▶ [WORK TASK]:
Images do not belong in the copy. Set down all the entries exactly.

▶ [SOURCE INFORMATION]:
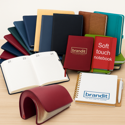 Новите тефтери на едро и с печат за реклама се изработват в обеми от 80 до 180 листа (160 до 360 страници), размери A6 (148x210mm), A5 (210х148mm) до B5. Евтините рекламни тефтери са с корици от обикновено, луксозните тефтери с термоактивно платно, което позволява брандиране чрез релефен надпис по поръчка.
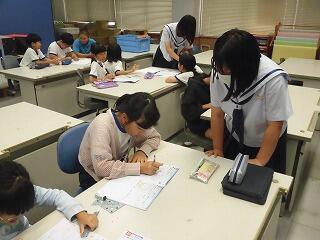 スタディーサポートとは、小学生の1年生から6年生までを対象に、昼休みの時間を使って、中学生が勉強を教える時間です。小学生の質問に中学生が必死に答える姿がとても微笑ましく感じられました。
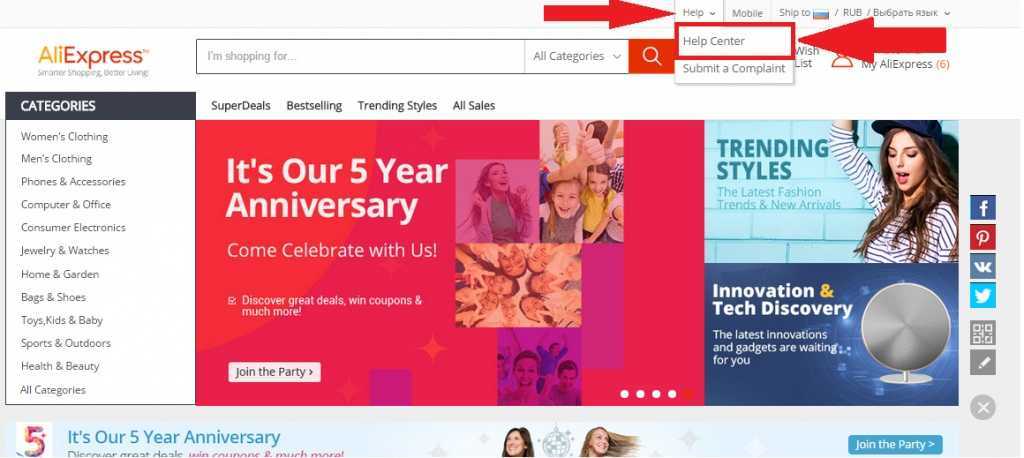 - зайти на русскоязычную версию aliexpress и выбрать соответствующие меню;
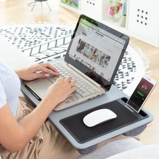 Un birou portabil de laptop cu o perna confortabila incorporata in baza de sprijin pentru o munca confortabila. Acest birou original are un design ergonomic, modern si elegant, in plus, este compact si usor, astfel incat poate fi transportat oriunde cu manerul sau de transport si depozitat cu usurinta. Datorita versatilitatii si adaptabilitatii sale, poate fi utilizat pentru diferite utilizari (lucrul cu computerul, scrierea, desenarea, citirea, mancatul etc.) in diferite spatii (pat, canapea, fotoliu etc.). A fost realizat cu materiale de calitate, deci este rezistent si durabil. Ajuta la mentinerea ordinii si la o mai buna utilizare a spatiului.
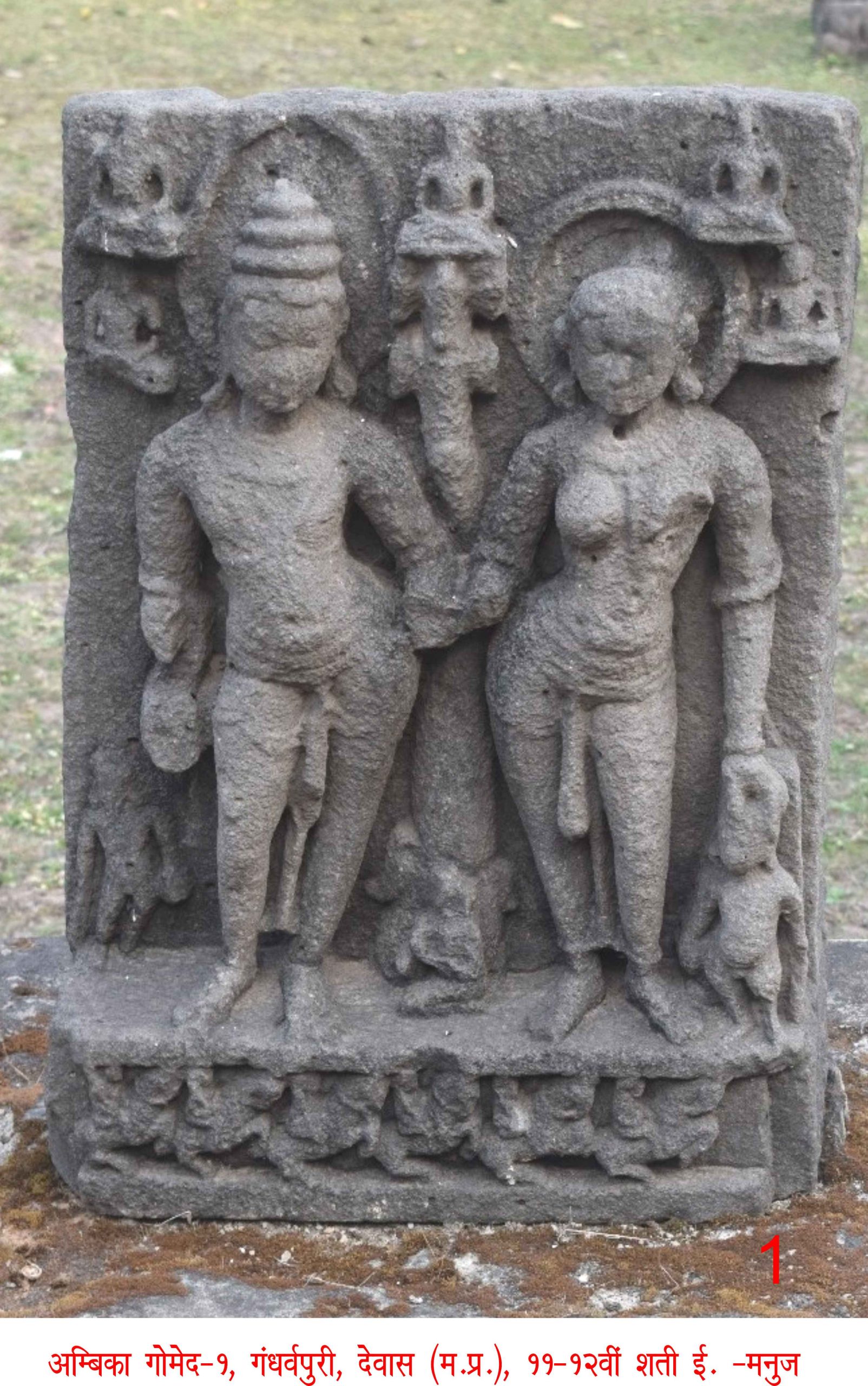 गोमेद-अम्बिका प्रतिमा द्वितीय- इस प्रतिमा में गोमेद-अम्बिका प्रतिमा भी प्रथम प्रतिमा की तरह है। इनके शिर सहित वितान भाग भग्न और अनुपलब्ध है। पुरातत्त्व विभाग की पंजी में इसे किसी अन्य प्रतिमा के नाम से पंजीवद्ध किया गया है, जैन प्रतिमाओं की सूची में इसका उल्लेख नहीं है। इसके पादपीठ में सात अश्वारोही उत्कीर्णित किये गये हैं। मध्योत्कीर्णित सतम्भ के मूल में दो आराधिकाएँ अंजलिबद्ध बैठीं हैं, येे दोनों भी यक्ष की ओर अभिमुख होकर भक्तिरत हैं। यक्ष-यक्षी के निकट वाले हाथों में बीजपूरक फल है। अंबिका यक्षी के बायें पाश्र्व में बालक खड़ा है, उसके शिर पर देवी की हथेली है, शेष भाग टेहुनी तक भग्न है। यक्ष के दक्षिण पाश्र्व में खड़े बड़े बच्चे का हाथ अपने दाहिने हाथ से थामे हुए है। इस बड़े बच्चे का भी पाषाण क्षरित हो जाने से इसमें स्पष्टता नहीं है। इसके कुछ वक्ष उभार से प्रतीत होता है कि यह स्त्रीपात्र है। अलंकरण आदि सभी प्रथम यक्ष-यक्षी प्रतिमा के समान हैं।
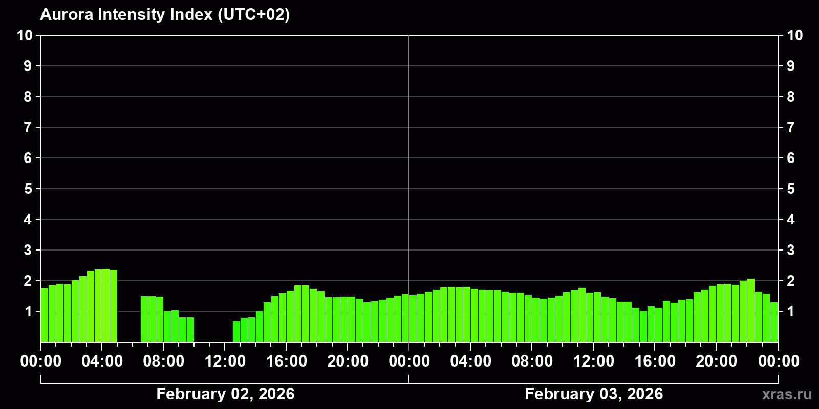 Changes in the auroral intensity index from 2026-02-02 to 2026-02-03 local time
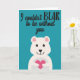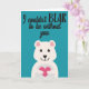 This cute Valentine's greeting card features a lovely cartoon white bear holding a pink heart on a light blue background with a fun word pun caption that reads "I couldn't BEAR to be without you".
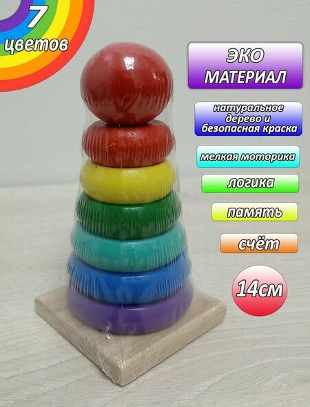 Пирамидка для малышей - Развивающая игрушка от 1 года - Пирамидка деревянная, высотой 14,5 см. Пирамидка для малышей - это классическая развивающая игрушка от 1 года. Связано это с тем, что Пирамидка для малышей несет в себе большое количество возможностей. Пирамидка для малышей развивают интеллект и логическое мышление, мелкую моторику, координацию движений, внимание, память, усидчивость. Пирамидка детская познакомит малыша с цветами и с понятиями «больше-меньше». Деревянная пирамидка экологична, сделана из дерева и окрашена специальными гипоаллергенными красками.
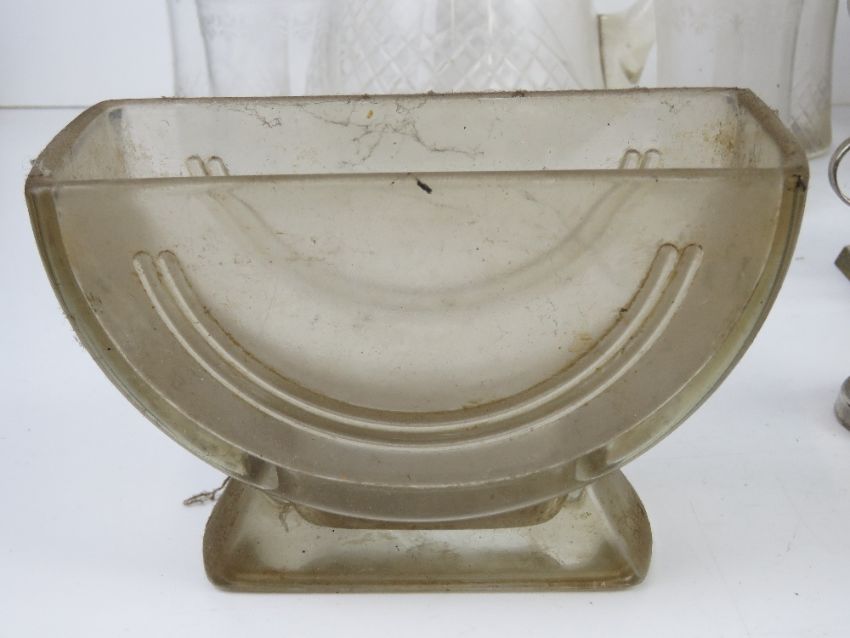 A quantity of assorted glass and metalware including ARt Deco hemispherical bowl, silver plated bud vases and posy vase, etc.
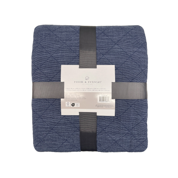 Room & Retreat 3pc Denim Quilt Set, F/Q, 90 x 90
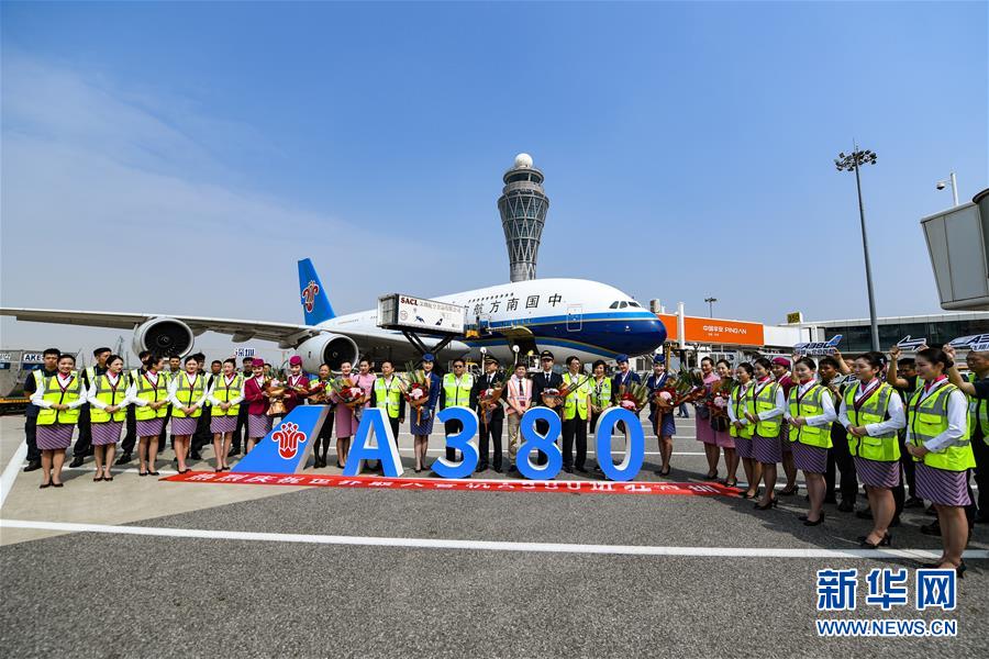 10月27日,機(jī)組、地勤人員等慶??罩锌蛙嘇380客機(jī)重返深圳機(jī)場。當(dāng)日下午,由全球最大寬體客機(jī)——空中客車A380執(zhí)飛的南航CZ3153次航班由深圳起飛前往北京,標(biāo)志著這款“空中巨無霸”機(jī)型重返深圳機(jī)場。南航曾在2014年5月開始啟用A380執(zhí)飛京深航線,后因動態(tài)運力調(diào)配停飛。新華社記者毛思倩攝
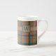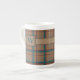 A soft raw umber base is crisscrossed by bands of port wine red, bright autumn orange, and rich jungle green in this pleasant plaid that combines trendy colors in a classic and cozy pattern perfect for fall. This mug is available in jumbo, espresso, and bone china sizes and styles. Customize the monogram with your initial to make this mug your own.
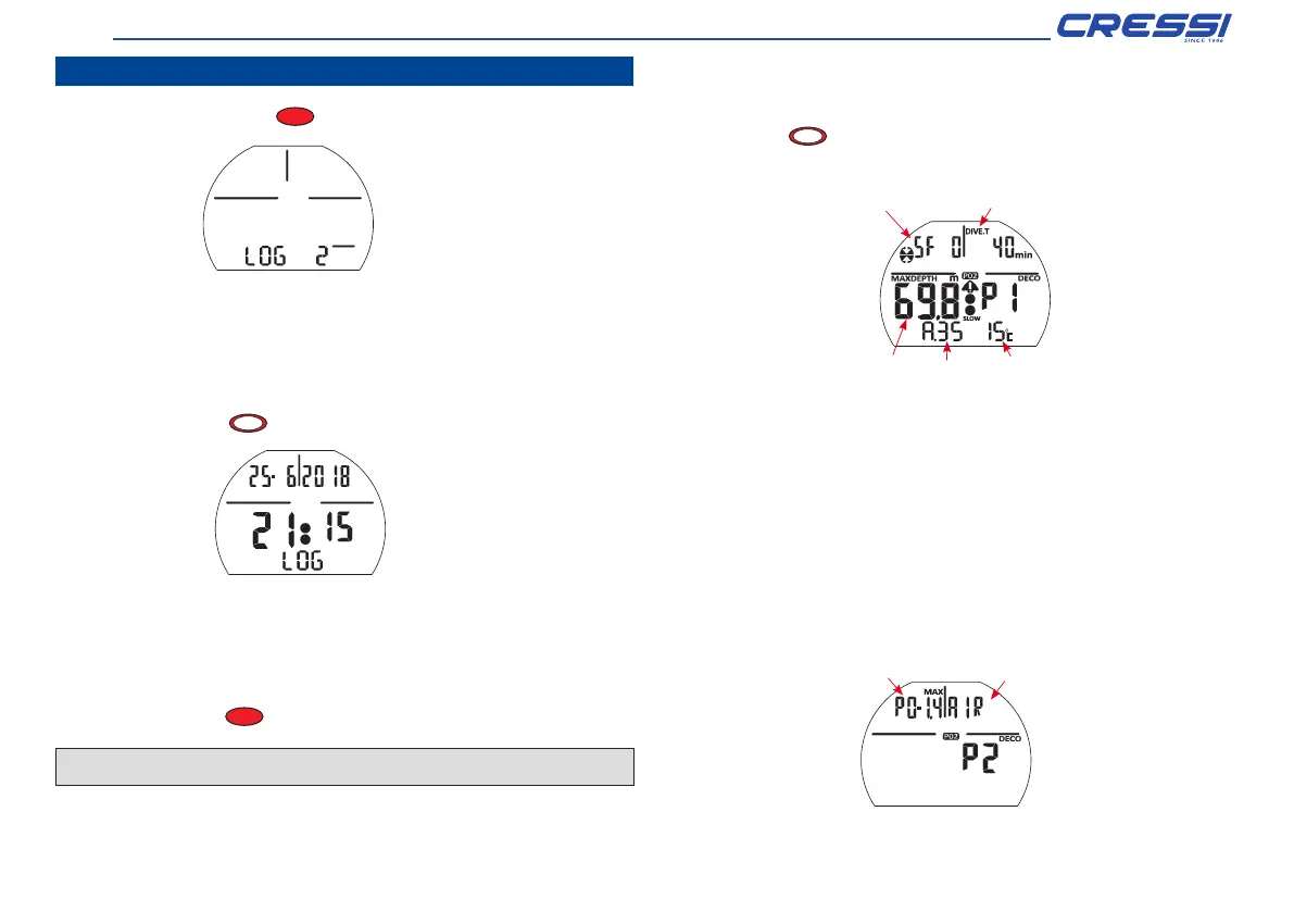 For dives in NITROX, FREE or GAGE modes, the corresponding icon will be

▶ [EXERCISE SOLUTION]:
 Новите тефтери на едро и с печат за реклама се изработват в обеми от 80 до 180 листа (160 до 360 страници), размери A6 (148x210mm), A5 (210х148mm) до B5. Евтините рекламни тефтери са с корици от обикновено, луксозните тефтери с термоактивно платно, което позволява брандиране чрез релефен надпис по поръчка.
 スタディーサポートとは、小学生の1年生から6年生までを対象に、昼休みの時間を使って、中学生が勉強を教える時間です。小学生の質問に中学生が必死に答える姿がとても微笑ましく感じられました。
 - зайти на русскоязычную версию aliexpress и выбрать соответствующие меню;
 Un birou portabil de laptop cu o perna confortabila incorporata in baza de sprijin pentru o munca confortabila. Acest birou original are un design ergonomic, modern si elegant, in plus, este compact si usor, astfel incat poate fi transportat oriunde cu manerul sau de transport si depozitat cu usurinta. Datorita versatilitatii si adaptabilitatii sale, poate fi utilizat pentru diferite utilizari (lucrul cu computerul, scrierea, desenarea, citirea, mancatul etc.) in diferite spatii (pat, canapea, fotoliu etc.). A fost realizat cu materiale de calitate, deci este rezistent si durabil. Ajuta la mentinerea ordinii si la o mai buna utilizare a spatiului.
 गोमेद-अम्बिका प्रतिमा द्वितीय- इस प्रतिमा में गोमेद-अम्बिका प्रतिमा भी प्रथम प्रतिमा की तरह है। इनके शिर सहित वितान भाग भग्न और अनुपलब्ध है। पुरातत्त्व विभाग की पंजी में इसे किसी अन्य प्रतिमा के नाम से पंजीवद्ध किया गया है, जैन प्रतिमाओं की सूची में इसका उल्लेख नहीं है। इसके पादपीठ में सात अश्वारोही उत्कीर्णित किये गये हैं। मध्योत्कीर्णित सतम्भ के मूल में दो आराधिकाएँ अंजलिबद्ध बैठीं हैं, येे दोनों भी यक्ष की ओर अभिमुख होकर भक्तिरत हैं। यक्ष-यक्षी के निकट वाले हाथों में बीजपूरक फल है। अंबिका यक्षी के बायें पाश्र्व में बालक खड़ा है, उसके शिर पर देवी की हथेली है, शेष भाग टेहुनी तक भग्न है। यक्ष के दक्षिण पाश्र्व में खड़े बड़े बच्चे का हाथ अपने दाहिने हाथ से थामे हुए है। इस बड़े बच्चे का भी पाषाण क्षरित हो जाने से इसमें स्पष्टता नहीं है। इसके कुछ वक्ष उभार से प्रतीत होता है कि यह स्त्रीपात्र है। अलंकरण आदि सभी प्रथम यक्ष-यक्षी प्रतिमा के समान हैं।
 Changes in the auroral intensity index from 2026-02-02 to 2026-02-03 local time
 This cute Valentine's greeting card features a lovely cartoon white bear holding a pink heart on a light blue background with a fun word pun caption that reads "I couldn't BEAR to be without you".
 Пирамидка для малышей - Развивающая игрушка от 1 года - Пирамидка деревянная, высотой 14,5 см. Пирамидка для малышей - это классическая развивающая игрушка от 1 года. Связано это с тем, что Пирамидка для малышей несет в себе большое количество возможностей. Пирамидка для малышей развивают интеллект и логическое мышление, мелкую моторику, координацию движений, внимание, память, усидчивость. Пирамидка детская познакомит малыша с цветами и с понятиями «больше-меньше». Деревянная пирамидка экологична, сделана из дерева и окрашена специальными гипоаллергенными красками.
 A quantity of assorted glass and metalware including ARt Deco hemispherical bowl, silver plated bud vases and posy vase, etc.
 Room & Retreat 3pc Denim Quilt Set, F/Q, 90 x 90
 10月27日,機(jī)組、地勤人員等慶??罩锌蛙嘇380客機(jī)重返深圳機(jī)場。當(dāng)日下午,由全球最大寬體客機(jī)——空中客車A380執(zhí)飛的南航CZ3153次航班由深圳起飛前往北京,標(biāo)志著這款“空中巨無霸”機(jī)型重返深圳機(jī)場。南航曾在2014年5月開始啟用A380執(zhí)飛京深航線,后因動態(tài)運力調(diào)配停飛。新華社記者毛思倩攝
 A soft raw umber base is crisscrossed by bands of port wine red, bright autumn orange, and rich jungle green in this pleasant plaid that combines trendy colors in a classic and cozy pattern perfect for fall. This mug is available in jumbo, espresso, and bone china sizes and styles. Customize the monogram with your initial to make this mug your own.
 For dives in NITROX, FREE or GAGE modes, the corresponding icon will be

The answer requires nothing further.